Four months later Starley was married to Alice.
He sat quietly with his hands in his lap until he heard her car in the drive — the VW she insisted on driving, even though he had patiently explained each time he saw her how unsafe a car it was. He fidgeted, not knowing whether to get up and open the door, or just sit there. Either way, he would probably frighten her. While he sat thinking, he lost the opportunity to move. She opened the door a crack, put her head around the corner, and her eyes met his.
“Oh God,” she sighed. “I wondered why the door was hanging open.”
Her hair was pulled back in a rubber band. She was carrying a tennis racket. She had on white shorts and a black T-shirt. She wiped her hair out of her face.
“Okay,” she said. “What are you doing here? I assume it got too cold for you up north.”

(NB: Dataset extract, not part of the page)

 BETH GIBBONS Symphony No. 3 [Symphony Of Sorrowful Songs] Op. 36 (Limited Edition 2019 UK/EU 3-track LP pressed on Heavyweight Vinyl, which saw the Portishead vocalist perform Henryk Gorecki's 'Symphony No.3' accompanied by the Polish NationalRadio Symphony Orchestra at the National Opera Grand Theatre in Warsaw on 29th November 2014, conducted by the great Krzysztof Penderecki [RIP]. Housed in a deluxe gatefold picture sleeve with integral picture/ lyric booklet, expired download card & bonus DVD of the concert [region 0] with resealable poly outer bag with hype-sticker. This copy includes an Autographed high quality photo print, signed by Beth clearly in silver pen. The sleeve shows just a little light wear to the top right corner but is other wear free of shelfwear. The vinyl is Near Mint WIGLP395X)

“It did,” he said. “It really did.”
“Where’s Deena?” she said.
“Is that her name? The woman with the four-year-old daughter?”
“She didn’t have her with her, did she? Am I crazy or something?”

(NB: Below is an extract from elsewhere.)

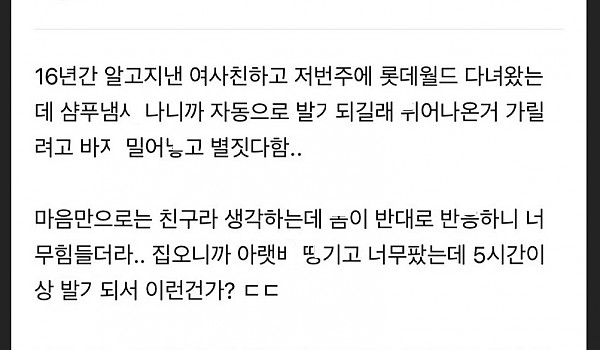 여사친과 롯데월드 갔는데 발ㄱ가 된다는 남사친 근황

“No, she … she told me. She said she had a daughter. I didn’t know her name.”
“Deena,” she said. “Now, what are you doing here?”
She sat in a wicker chair. He thought, If I can still be so attracted to her, I can’t love Susan. If I had reached Susan on the phone, what would I have said?
“Who’s Robert Wilson?” he said.
“I don’t know. Who?”
“Isn’t that his name?” He got up and went to Bobby’s room. He came back. “I mean Robert Winter,” he said.
“A friend of his who moved to Pennsylvania,” she said. “Did you count the silverware to make sure it was all there too?”